Sebagai solusi, Pemkab Malang membangun box culvert insitu berdiameter 2 meter, yang diperkuat dengan pembangunan dinding penahan tanah (DPT) sungai serta plat duiker.
Menurut Khairul, kombinasi penanganan tersebut dirancang untuk memperbaiki sistem aliran air sekaligus menjaga stabilitas konstruksi di sekitar jembatan.
Dengan demikian, peningkatan debit sungai diharapkan tidak lagi mudah mengganggu badan jalan dan aktivitas masyarakat.

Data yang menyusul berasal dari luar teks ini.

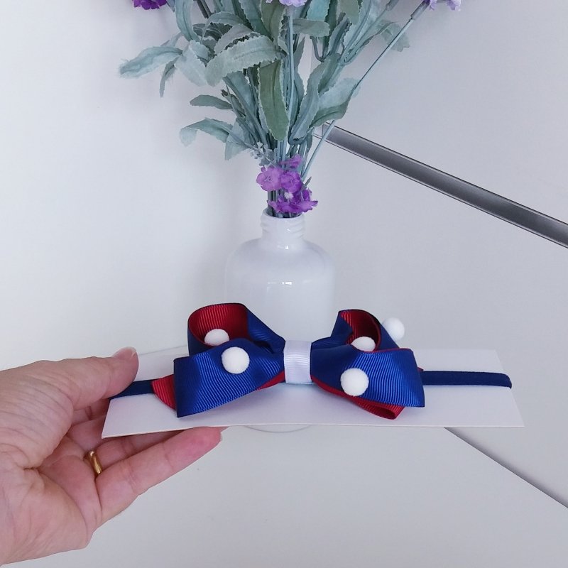 Faixa Meia de Seda Pequena Azul Vermelho/Pompom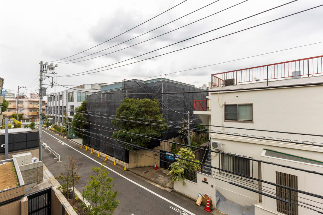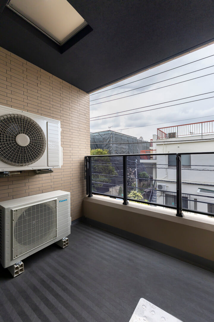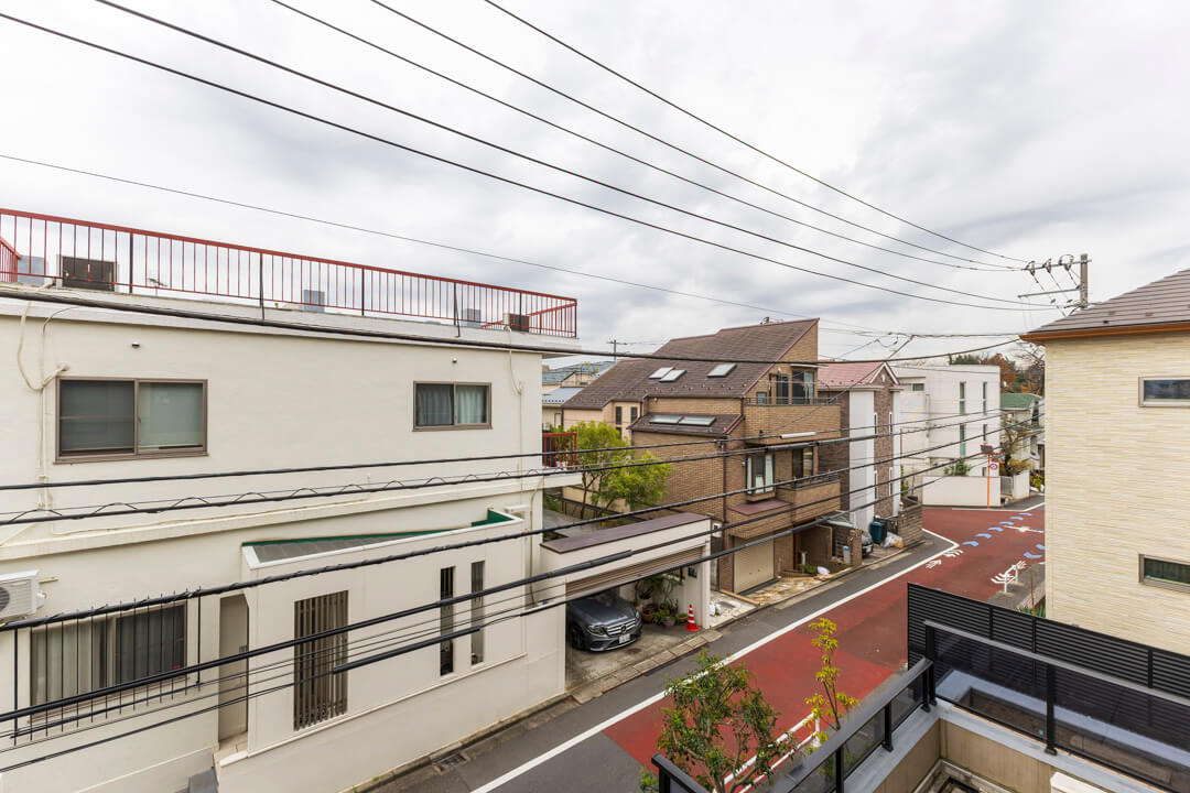 LDKに接続するバルコニー。6.00㎡です。撮影日はあいにくのお天気でしたが、東向きのため、晴れの日には午前中から明るい光が届きそうです。第一種低層住居専用地域に位置しているため、空を見渡せる穏やかな眺めも魅力です。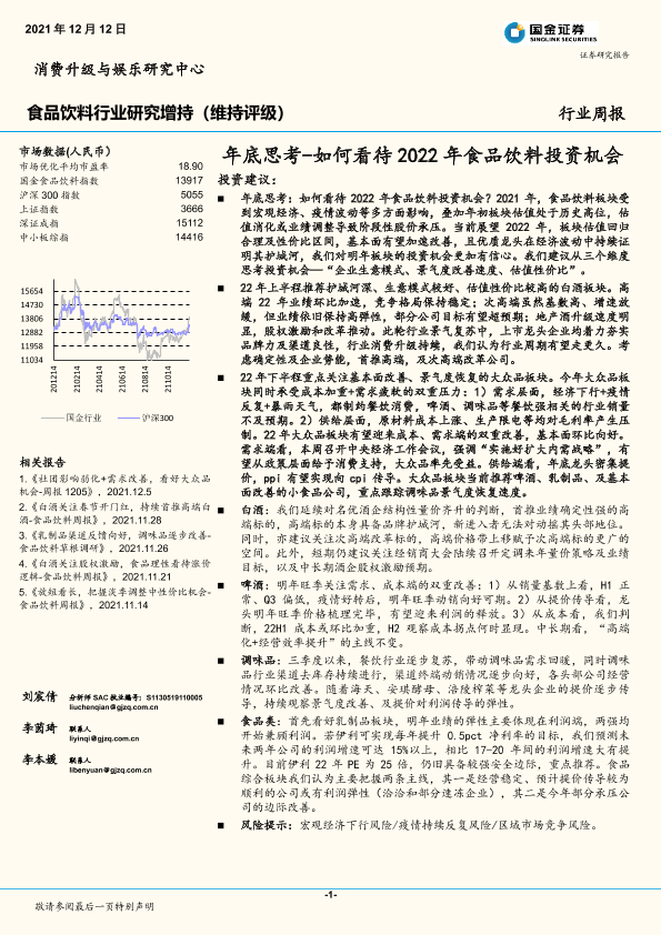 【国金证券】【20211212】20211212-国金证券-食品饮料行业周报:年底思考-如何看待2022年食品饮料投资机会-20页

“Penanganannya menggunakan box culvert insitu dengan diameter 2,00 meter, kemudian DPT sungai dan plat duiker,” jelasnya.
Kampungnya proyek tersebut menjadi bagian dari upaya Pemkab Malang dalam memperkuat konektivitas antarwilayah. Ruas Mendalanwangi-Sumbersuko sendiri memiliki fungsi strategis sebagai jalur penghubung aktivitas masyarakat di kawasan Wagir.

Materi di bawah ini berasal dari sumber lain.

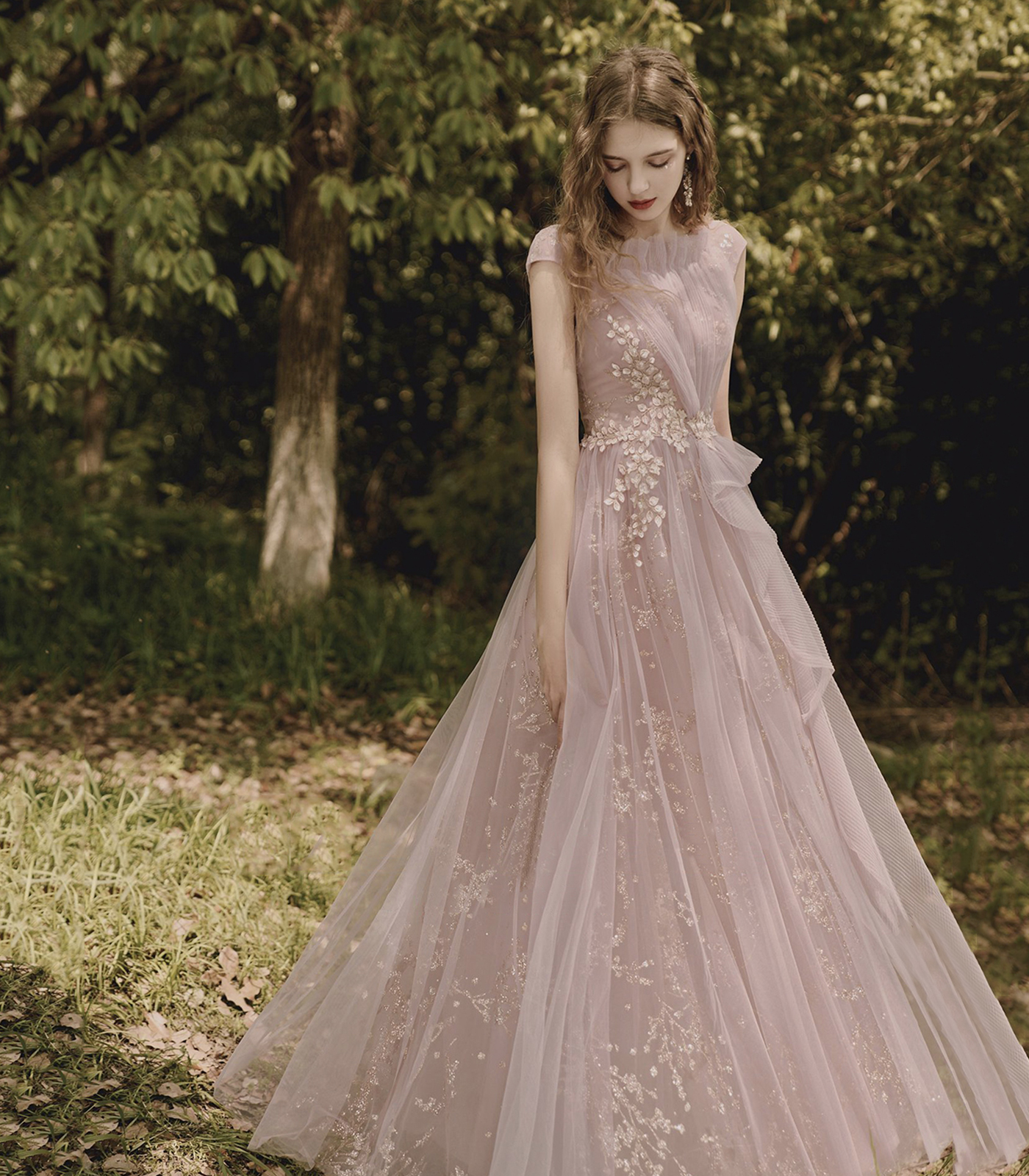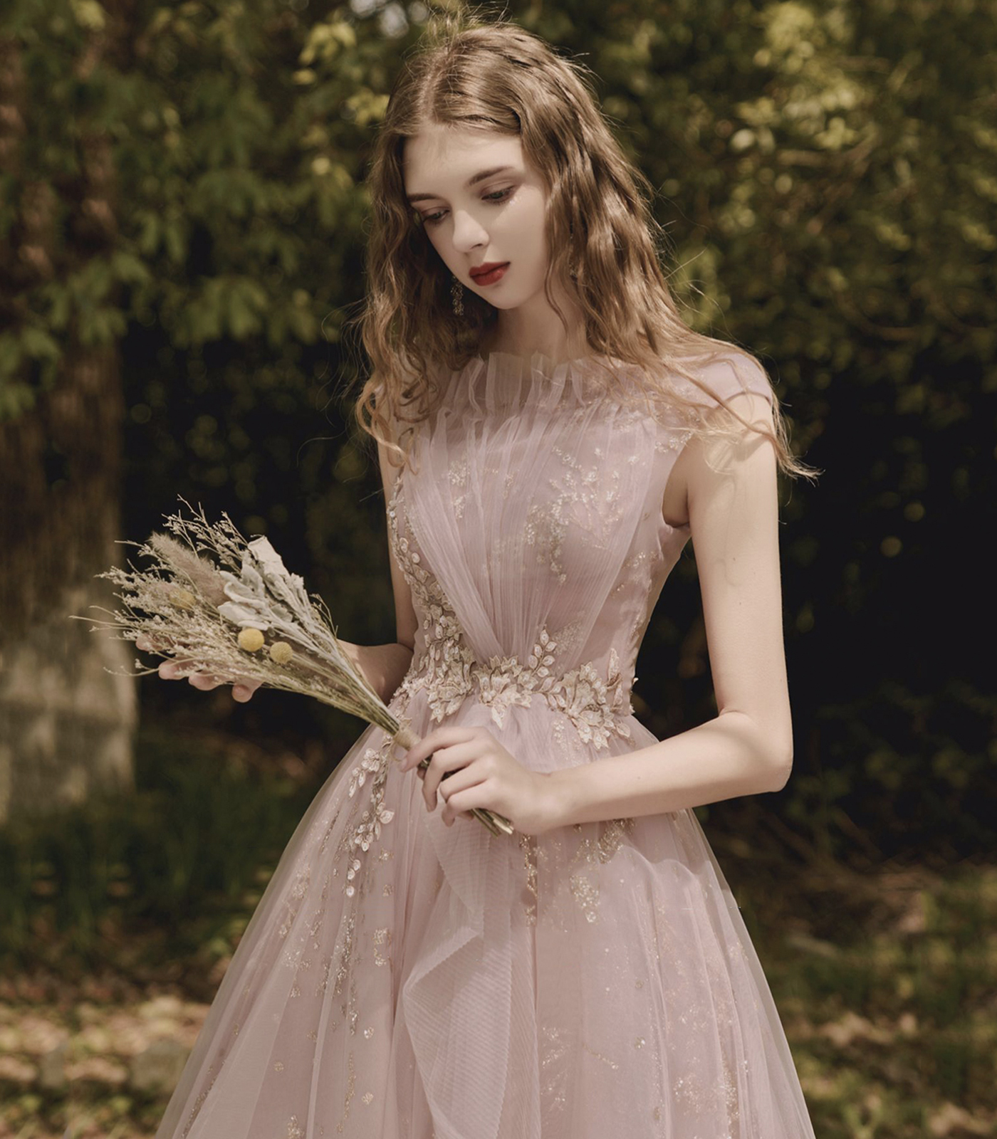 - Pink Tulle Lace Long Prom Dress, Beautiful A-Line Evening Party Dress -

“Manfaat dari pembangunan ini untuk menghubungkan antar desa, terutama Mendalanwangi dan Gondowangi. Mobilitas warga sekitar diharapkan tidak terganggu lagi oleh meluapnya air dari sungai,” terang Khairul.
Ia menegaskan, pembangunan infrastruktur jalan dan jembatan tidak dapat dilepaskan dari kondisi lingkungan di sekitarnya.
Sistem drainase dan aliran sungai menjadi faktor penting agar konstruksi yang dibangun dapat berfungsi optimal dan memiliki ketahanan dalam menghadapi kondisi cuaca, khususnya saat musim hujan.
“Jadi bukan hanya persoalan jembatannya, tetapi bagaimana aliran airnya juga bisa tertangani. Harapannya, saat debit air tinggi, tidak lagi mengganggu mobilitas masyarakat,” tegasnya.
Berdasarkan data pengadaan, pekerjaan penggantian Jembatan Pohbener dibiayai melalui APBD Kabupaten Malang Tahun Anggaran 2026.
Paket pekerjaan tersebut memiliki nilai pagu sebesar Rp350 juta, dengan nilai Harga Perkiraan Sendiri (HPS) mencapai Rp341.522.907,45.
Khairul memastikan seluruh pekerjaan fisik telah diselesaikan sesuai target. “Untuk progres pekerjaannya saat ini sudah 100 persen,” ungkapnya.
Meski pekerjaan telah rampung, pemantauan terhadap kondisi jembatan dan aliran sungai tetap diperlukan, terutama ketika memasuki periode dengan intensitas hujan tinggi.
Pengawasan berkala dinilai penting untuk memastikan fungsi konstruksi tetap optimal serta mengantisipasi potensi gangguan yang dapat memengaruhi keselamatan dan kelancaran lalu lintas.
Dengan selesainya Jembatan Pohbener, Pemkab Malang berharap akses masyarakat di jalur Mendalanwangi-Gondowangi semakin aman dan lancar.
Penanganan tersebut sekaligus menjadi langkah untuk memastikan pembangunan infrastruktur memberikan manfaat langsung dan berkelanjutan bagi aktivitas warga serta konektivitas antarwilayah di Kecamatan Wagir.(M.yus)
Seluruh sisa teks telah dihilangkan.